In Conversation with Gillian McAllister
Today I'm in conversation with Gillian McAllister, author of four cracking crime novels, with one new one due out this Spring. So without further ado, let's chat on....
I don’t think it was important, as such. To me, it just felt natural. I became a lawyer because I was interested in the justice system, the idea of guilt and retribution, and so much more. To me, humans making good decisions, bad decisions, and spur-of-the-moment decisions, and the punishment society imparts, is the stuff of being human.
What are your favourite books to read?
At the moment I mostly re pre-releases within my own genre: I like to keep up with what’s doing well, what works and what doesn’t, and the cultural conversations taking place. The perfect book for me would be a thriller that blends in credible, realistic and heartfelt relationships. The sort of thing I try to write…
Crime novels can be a bit far-fetched at times. Is fact stranger than fiction?
I have a big commitment to realism in my novels – I agonise over plot so that it seems real and it’s something I think my readers appreciate. There are some news stories I am itching to use but they’re just too bizarre!
Any advice to anyone dreaming of becoming an author?
Write the book. It’s the simplest and hardest thing, to spend hundreds of hours on something that may come to nothing, and I think our sensible and logical brains try to stop us from doing that. It’s hard because it’s a hard thing to do, not because you’re rubbish at it or not meant to be doing with it.
Where do you get your writing inspiration from?
News stories, good writing, great TV dramas, and gossip.
What are you working on next?
I’m writing a book about two people who find themselves on either side of witness protection.
If, heaven forbid, there was a fire, what possession would you grab first to save?
I’m sad to say it would be my laptop containing my work in progress. Over all other things, including my cat. How embarrassing.

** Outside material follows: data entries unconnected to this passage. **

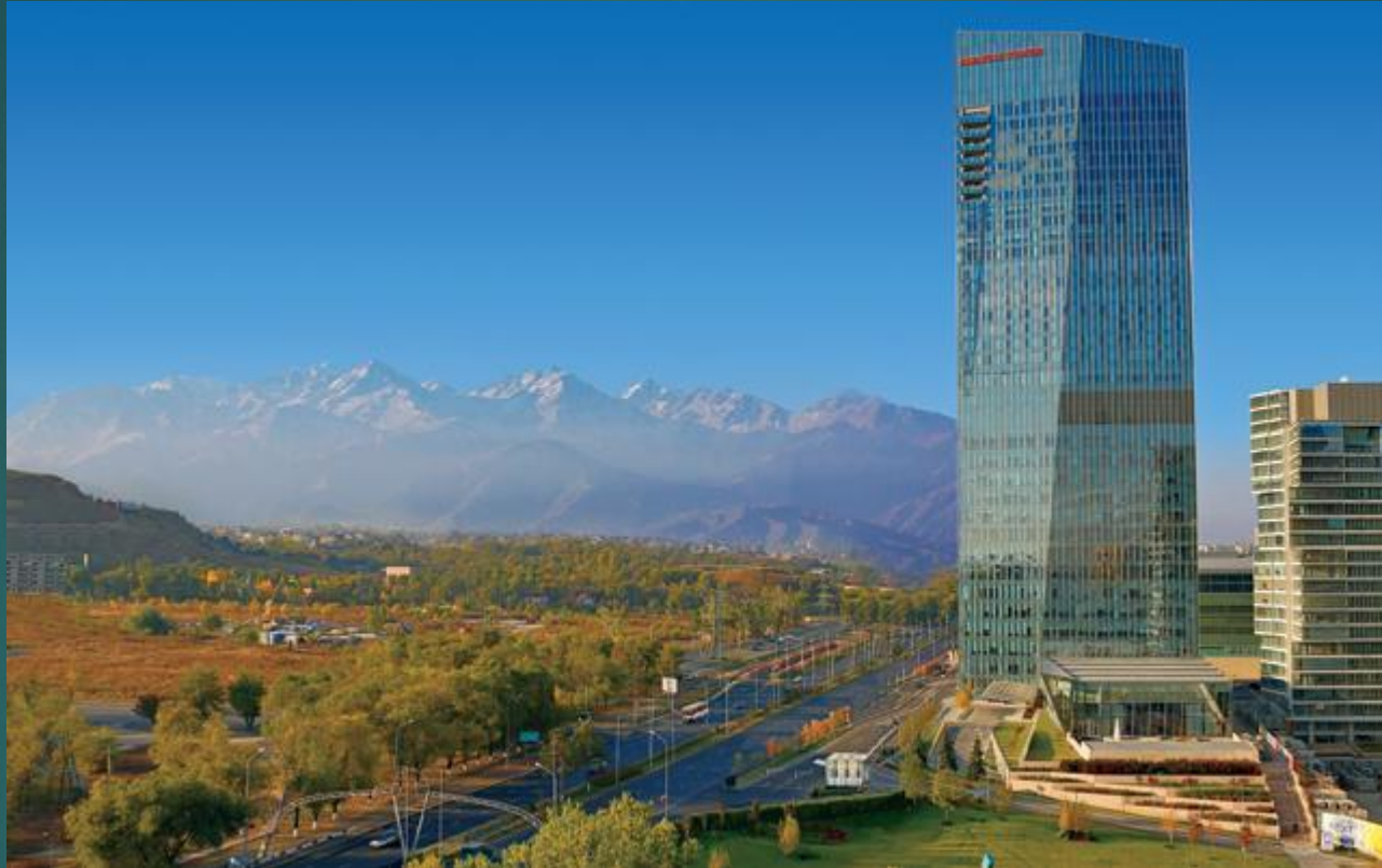
The Ritz-Carlton, Алматы
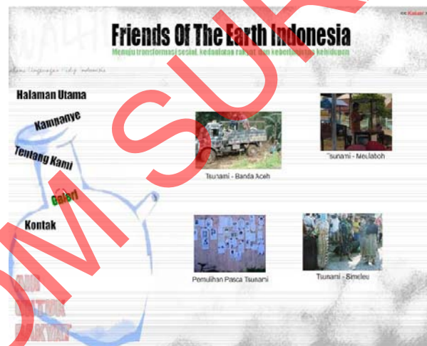
Gambar 5.5 Halaman Galeri
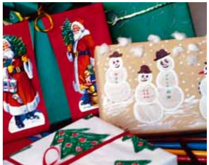
Da kann so manches gekaufte Geschenkpapier einpacken.

Ihr braucht Packpapier, Seidenpapier in verschiedenen Farben, Watte, Kleber, Filz- oder Buntstifte und etwas Geduld. Breitet das Papier auf einem Tisch aus und bemalt es nun mit weihnachtlichen Motiven. Fangt oben links an zu zeichnen, z.B. einen Stern. Etwas Abstand lassen und den nächsten Stern daneben malen, dann darunter und so weiter. So schmückt Ihr Eure Bögen mit Tannenzwei-
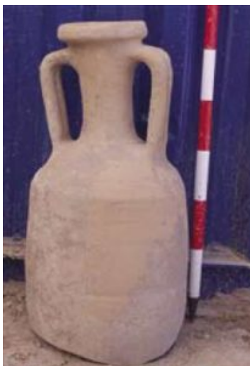
Fig. 8 Dressel 2-4 de producción local (Casabán Banaclocha et alii 2013: 72, fig.9.2).

En las publicaciones consultadas no aparecen dibujos arqueológicos del material, si bien por las fotografías mostradas, parecen seguir, en líneas generales, las características morfológicas de las producciones del Ager de Dianium , como las producciones de l'Almadrava.

What five people, living or dead, would you choose to invite to a dinner party?
Zadie Smith, Lee Child, Virginia Woolf, Sylvia Plath and Michael Stipe from REM.
Gillian's new novel, The Evidence Against You, is out on 18 April 2019. It’s about a woman whose father murdered her mother. After serving 20 years for it, having been convicted due to overwhelming evidence, he gets out and tells her he didn’t do it. But is he telling the truth?
Thank you Gillian for taking part with in conversation with and I can't wait to read your new novel in April.